Every CaseDesk deployment exposes a Gemini-compatible endpoint following the Google generativelanguage REST API format:

https://getcasedesk.com/proxy/{deployment-id}/gemini/v1beta/models/{model}:generateContent

For streaming responses, use the :streamGenerateContent action:

https://getcasedesk.com/proxy/{deployment-id}/gemini/v1beta/models/{model}:streamGenerateContent

Replace {model} with the model tag from your deployment (e.g. gemma2:9b, llama3.1:8b).

:::warning Always call from your server — never from the browser CaseDesk does not expose CORS headers. Direct browser requests will fail.

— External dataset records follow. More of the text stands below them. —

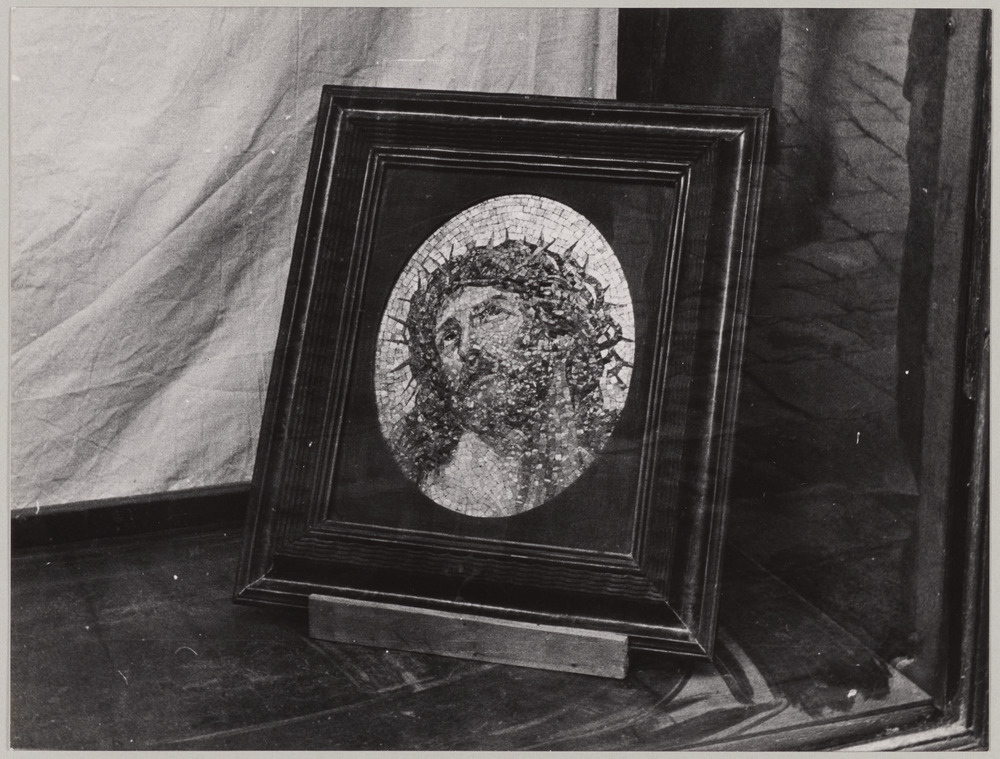 Une mosaïque sur un lutrin, représentant un Christ en médaillon, [Venise, Italie], [vers 1967]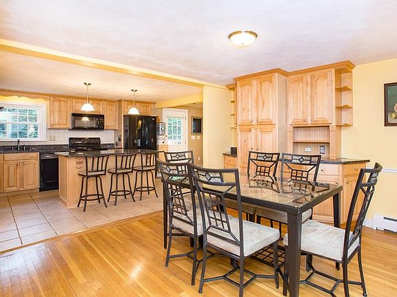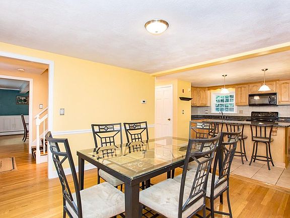 Finally...A gorgeous house in a great neighborhood at a nice price! Fabulous open floor plan features an awesome updated kitchen with maple cabinets, granite counters, center island breakfast bar, a separate dining area with built-ins and an impressive vaulted ceiling living room with brick fireplace. Throw a dinner party in the formal dining room with wainscoting. French doors open to the private office. The 2.5 baths are all beautifully updated - 2nd floor bath with heated floor. Genuine hardwood floors. Fun finished basement. Loaded with updates including windows, roof, Wi-Fi thermostats, garage door opener, mini split A/C + heat on 1st floor and LL, 200 amp electric, whole house surge protector, front door & granite steps, huge deck, shed, driveway, gutters, downspouts and solar panels. Peerless cast iron boiler w/cold air intake, indirect water heater and oil tank. Mass Save energy efficient. Wow! What are you waiting for?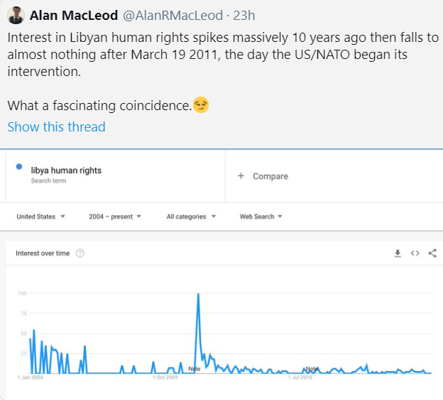 Ten years since the launch of NATO's illegal, catastrophic war to overthrow the government of Libya and grab the oil. Do you remember the long, long list of liberal commentators deeply troubled by the human rights situation in Libya?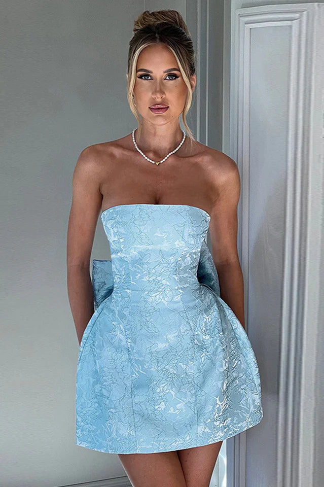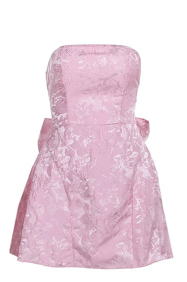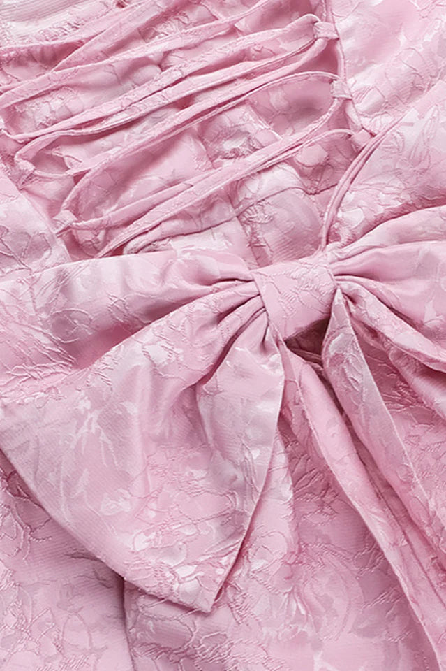 This dress is your go-to for creating a statement at any event. With its structured bodice and elegant, floral jacquard fabric, it offers a timeless silhouette that enhances your figure. The standout feature is the oversized bow at the back, which can be worn on or off, allowing you to switch up your look effortlessly. Whether you choose to keep the bow on for an extra touch of drama or remove it for a more streamlined appearance, this dress adapts to your style needs. Perfect for late summer gatherings or any special occasion where you want to leave a lasting impression.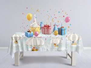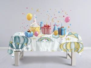 Balonlarla Uçan Filler ve Tavşanların Masalsı Dünyası Masa Örtüsü

Always route requests through your own backend server. :::

curl

curl "https://getcasedesk.com/proxy/{deployment-id}/gemini/v1beta/models/gemma2:9b:generateContent" \
-H "Content-Type: application/json" \
-d '{
"contents": [
{
"role": "user",
"parts": [{"text": "What are the main benefits of running models on your own infrastructure?"}]
}
],
"generationConfig": {
"temperature": 0.7,
"maxOutputTokens": 1024
}
}'

For streaming:

curl "https://getcasedesk.com/proxy/{deployment-id}/gemini/v1beta/models/gemma2:9b:streamGenerateContent" \
-H "Content-Type: application/json" \
-d '{
"contents": [
{
"role": "user",
"parts": [{"text": "What are the main benefits of running models on your own infrastructure?"}]
}
]
}'

Python

You can use the google-generativeai SDK by pointing it at your CaseDesk proxy, or use requests directly for full control.

import requests

deployment_id = "{deployment-id}"
model = "gemma2:9b"
base_url = f"https://getcasedesk.com/proxy/{deployment_id}/gemini/v1beta"

payload = {
"contents": [
{
"role": "user",
"parts": [{"text": "What are the main benefits of running models on your own infrastructure?"}],
}
],
"generationConfig": {
"temperature": 0.7,
"maxOutputTokens": 1024,
},
}

response = requests.post(
f"{base_url}/models/{model}:generateContent",
json=payload,
)
response.raise_for_status()

data = response.json()
print(data["candidates"][0]["content"]["parts"][0]["text"])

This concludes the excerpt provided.